Available records -
+--
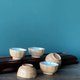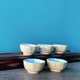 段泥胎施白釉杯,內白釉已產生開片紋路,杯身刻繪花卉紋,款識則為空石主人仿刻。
+--
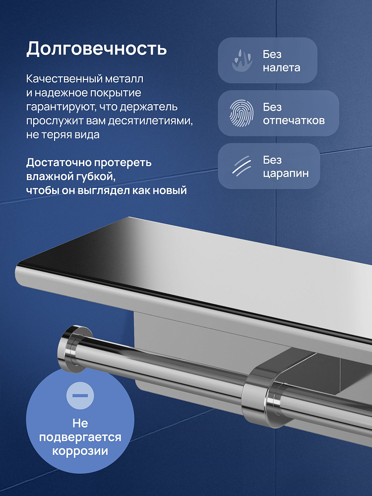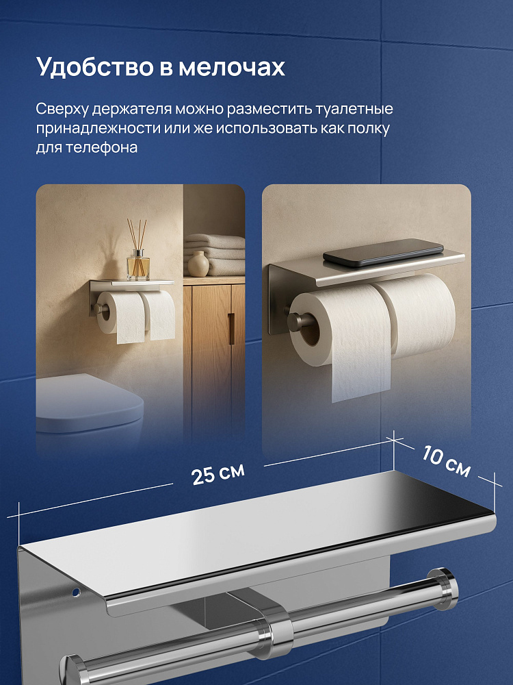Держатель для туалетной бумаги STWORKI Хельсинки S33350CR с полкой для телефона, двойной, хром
+--
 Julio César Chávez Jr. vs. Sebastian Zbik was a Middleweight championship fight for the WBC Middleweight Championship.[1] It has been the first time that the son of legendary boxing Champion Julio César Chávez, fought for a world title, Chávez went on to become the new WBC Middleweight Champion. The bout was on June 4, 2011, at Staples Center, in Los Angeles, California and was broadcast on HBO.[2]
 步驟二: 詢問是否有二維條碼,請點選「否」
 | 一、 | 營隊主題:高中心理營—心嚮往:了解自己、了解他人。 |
+--
What this task involves -
Within the listing above, give again exactly every line from the line with "Julio César Chávez Jr." through the line with "一、 | 營隊主題:高中心理營—心嚮往:了解自己、了解他人。 |", both included, and no other line.

Answer box -
 Julio César Chávez Jr. vs. Sebastian Zbik was a Middleweight championship fight for the WBC Middleweight Championship.[1] It has been the first time that the son of legendary boxing Champion Julio César Chávez, fought for a world title, Chávez went on to become the new WBC Middleweight Champion. The bout was on June 4, 2011, at Staples Center, in Los Angeles, California and was broadcast on HBO.[2]
 步驟二: 詢問是否有二維條碼,請點選「否」
 | 一、 | 營隊主題:高中心理營—心嚮往:了解自己、了解他人。 |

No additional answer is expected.